In theory, EC decreases the storage cost by approximately 50% without compromising the core HDFS abilities (fault tolerance, scalability and performance), but practically this might not be exactly true. Thus we have done some performance tests for EC in order to inspect how EC performs compared to 3x replication. We mainly focused on the measurement of raw storage and analytics performances of EC. We evaluated the performance of write/read operations to/from HDFS on small datasets. For the tests, we leveraged the TPC-DS benchmark on Spark SQL queries of 10GB, 100GB and 1TB datasets in Parquet and JSON data file formats. For this performance testing, we configured a cluster which has 16 bare-metal machines: 14 DataNodes (DNs), 2 NameNodes (NNs), 512 GB RAM per node, 16 physical CPU cores per node, 48 HDDs drives per node each 5.5 TB and 2 SSDs 1TB each for local file system and fast data spilling/in-memory operations. For the TPC-DS benchmarking, we used the following configuration chosen arbitrarily based on some pre-tests: 84 executors, 48GB executor memory, 4 executor cores.
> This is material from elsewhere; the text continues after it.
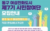동구 최준규 기자2026. 01.20[시사토픽뉴스]광주 동구는 주민이 직접 참여해 여성친화도시 정책을 만들어가는 ‘제7기 동구 여성친화도시 시민참여단’을 이달 30일까지 모집한다고 밝혔다. 여성친화도시 시민참여단은 행정 주도가 아닌 주민 참여 중심의 정책 협력 조직으로, 생활 현장에서 느끼는 문제를 발굴하고 여성친화 관점에서 개선 방안을 제안하는 역할을 수행한다. 주민의 시선에서 정책을 점검·보완함으로써 체감도 높은 여성친화도시를 조성하는 데 목적이 있다. 제7기 시민참여단은 동구에 주소를 두고 있거나 동구 소재 직장·학교에 다니는 사람을 대상으로 공개 모집하...

In the next paragraphs, we are going to see a few evaluations results of EC.

The first test demonstrates how much storage space physically is used when storing multiple files of various sizes. The graph below emphasizes the storage overhead on 3 different EC and 3x replication policies. On the y-axis 100, 500 and 1000 MB file sizes are shown, while on the x-axis the physical storage costs are given:

As you can see from the graph that the EC RS policy has almost 60% lower cost than 3x replication strategy.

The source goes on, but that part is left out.